Soul网关源码分析-2期
今日任务
- 沿着
DividePlugin
下去, 分析WebClientPlugin
转发请求的环节, 以及WebClientResponsePlugin
响应外发. -
分析(明日任务)Selector
的用处, 选择器如何工作. -
简单分析下插件链上的其他内置插件.(明日任务, 结合Dubbo服务分析)
开始一个请求调用
在 WebClientPlugin
的 execute()
处拦截并分析:
public Mono<Void> execute(final ServerWebExchange exchange, final SoulPluginChain chain) {
final SoulContext soulContext = exchange.getAttribute(Constants.CONTEXT);
assert soulContext != null;
// 拿到下游服务的url
String urlPath = exchange.getAttribute(Constants.HTTP_URL);
if (StringUtils.isEmpty(urlPath)) {
Object error = SoulResultWarp.error(SoulResultEnum.CANNOT_FIND_URL.getCode(), SoulResultEnum.CANNOT_FIND_URL.getMsg(), null);
return WebFluxResultUtils.result(exchange, error);
}
long timeout = (long) Optional.ofNullable(exchange.getAttribute(Constants.HTTP_TIME_OUT)).orElse(3000L);
log.info("you request,The resulting urlPath is :{}", urlPath);
// 请求类型: Get请求orPost请求等
HttpMethod method = HttpMethod.valueOf(exchange.getRequest().getMethodValue());
// 构建一个请求对象空壳, 注入请求类型和URL
WebClient.RequestBodySpec requestBodySpec = webClient.method(method).uri(urlPath);
return handleRequestBody(requestBodySpec, exchange, timeout, chain);
}
private Mono<Void> handleRequestBody(final WebClient.RequestBodySpec requestBodySpec,
final ServerWebExchange exchange,
final long timeout,
final SoulPluginChain chain) {
return requestBodySpec.headers(httpHeaders -> {
// 补充上下文中请求头... 后面也是补充些属性, 不赘述
httpHeaders.addAll(exchange.getRequest().getHeaders());
httpHeaders.remove(HttpHeaders.HOST);
})
.contentType(buildMediaType(exchange))
.body(BodyInserters.fromDataBuffers(exchange.getRequest().getBody()))

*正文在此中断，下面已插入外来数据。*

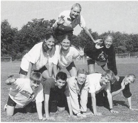
Pyramidebyggeri af skrøbeligt materiale – en krævende samarbejdsøvelse.

og skolen har, og man mødte gymnasiets tilgang til temaet »skabelse« – de kosmiske skabelsesteorier belyst af naturfagslærerne – skabelsesmyter og kunstnerisk kreativitet præsenteret af humanisterne. (Og hertil les l'anciers og fundamentale elementer i sprogindlæring, mere bevidst udforsket). Da alle 1.gere samtidig kom igennem dramalærerens magnetfelt et par gange, var de i grupper parate til at dramatisere skabelsen i diverse selvkomponerede optrin. Både Vorherre og Zeus samt højaktuelle små grønne fimremænd fra Mars gik til Visdommens Æbler for at demonstrere, hvilken appetit man havde fået på den gymnasiale fremtid. Der var også appetit på grillmaden.

// 这里做了个转换, 将对象转换为Mono, 此方法向下深入已经看不明白了...
.exchange()
.doOnError(e -> log.error(e.getMessage()))
.timeout(Duration.ofMillis(timeout))
.flatMap(e -> doNext(e, exchange, chain));
}
这里并不是终点, 仅仅是构造了发送Http所需的对象并返回(这里我理解错误了, 下面有分析), 继续追溯, 找到是 SoulWebHandler
调用的插件链:
@Override
public Mono<Void> handle(@NonNull final ServerWebExchange exchange) {
MetricsTrackerFacade.getInstance().counterInc(MetricsLabelEnum.REQUEST_TOTAL.getName());
Optional<HistogramMetricsTrackerDelegate> startTimer = MetricsTrackerFacade.getInstance().histogramStartTimer(MetricsLabelEnum.REQUEST_LATENCY.getName());
// 这里的plugins包含所有插件链的插件
return new DefaultSoulPluginChain(plugins).execute(exchange).subscribeOn(scheduler)

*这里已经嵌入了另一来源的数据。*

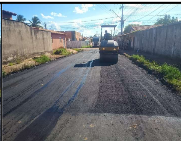
RUA TIRADENTES - 22/05/2026

.doOnSuccess(t -> startTimer.ifPresent(time -> MetricsTrackerFacade.getInstance().histogramObserveDuration(time)));
}
可以debug到, 所有的插件: GlobalPlugin
、WafPlugin
、RateLimiter
、HystrixPlugin
、DividePlugin
、WebClientPlugin
、WebSocketPlugin
、MonitorPlugin
、WebClientResponsePlugin
继续向上追溯了许久, 穿梭在spring-webflux
中各种类间… 暂时放弃探索这块…
回到WebClientPlugin
调用后的WebClientResponsePlugin
上:
public Mono<Void> execute(final ServerWebExchange exchange, final SoulPluginChain chain) {
return chain.execute(exchange).then(Mono.defer(() -> {
// 获取上下文中存放的响应信息
ServerHttpResponse response = exchange.getResponse();
ClientResponse clientResponse = exchange.getAttribute(Constants.CLIENT_RESPONSE_ATTR);
if (Objects.isNull(clientResponse)
|| response.getStatusCode() == HttpStatus.BAD_GATEWAY
|| response.getStatusCode() == HttpStatus.INTERNAL_SERVER_ERROR) {
Object error = SoulResultWarp.error(SoulResultEnum.SERVICE_RESULT_ERROR.getCode(), SoulResultEnum.SERVICE_RESULT_ERROR.getMsg(), null);
return WebFluxResultUtils.result(exchange, error);
} else if (response.getStatusCode() == HttpStatus.GATEWAY_TIMEOUT) {
Object error = SoulResultWarp.error(SoulResultEnum.SERVICE_TIMEOUT.getCode(), SoulResultEnum.SERVICE_TIMEOUT.getMsg(), null);
return WebFluxResultUtils.result(exchange, error);
}
// 各种拼装
response.setStatusCode(clientResponse.statusCode());
response.getCookies().putAll(clientResponse.cookies());
response.getHeaders().putAll(clientResponse.headers().asHttpHeaders());
return response.writeWith(clientResponse.body(BodyExtractors.toDataBuffers()));
}));
}
调用过程中, 有个很疑惑的点, WebClientPlugin
的请求, 到 WebClientResponsePlugin
的响应, 中间经历了什么? 一开始看的9个插件依次被调用, 但 WebClientPlugin
到 WebClientResponsePlugin
肯定是不同线程的工作, 那切换线程的转折点是哪里?
抱着这种想法, 在接口 SoulPlugin
这打了断点, 观察9个插件工作时的线程. 在 WebClientPlugin
结束后, MonitorPlugin
直接使用了另外的线程, WebClientResponsePlugin
沿用这个线程.
再次仔细查看发现, 之前的插件类, 仅是使用其父类 AbstractSoulPlugin
的 execute()
, 做插件链的下个执行. 而WebClientPlugin
这里, 则重写了execute()
, 其用意也很明显, 不能继续直接用当前线程传递下去, 不然请求还没发出去, 就到了 WebClientResponsePlugin
了… 所以这里是发起了Http的调用并异步接收回调结果, 并继续执行插件链.
@Override
public Mono<Void> execute(final ServerWebExchange exchange, final SoulPluginChain chain) {
// ... 之前已分析, 这里省略代码
return handleRequestBody(requestBodySpec, exchange, timeout, chain);
}
private Mono<Void> handleRequestBody(final WebClient.RequestBodySpec requestBodySpec,
final ServerWebExchange exchange,
final long timeout,
final SoulPluginChain chain) {
return requestBodySpec.headers(httpHeaders -> {
httpHeaders.addAll(exchange.getRequest().getHeaders());
httpHeaders.remove(HttpHeaders.HOST);
})
.contentType(buildMediaType(exchange))
.body(BodyInserters.fromDataBuffers(exchange.getRequest().getBody()))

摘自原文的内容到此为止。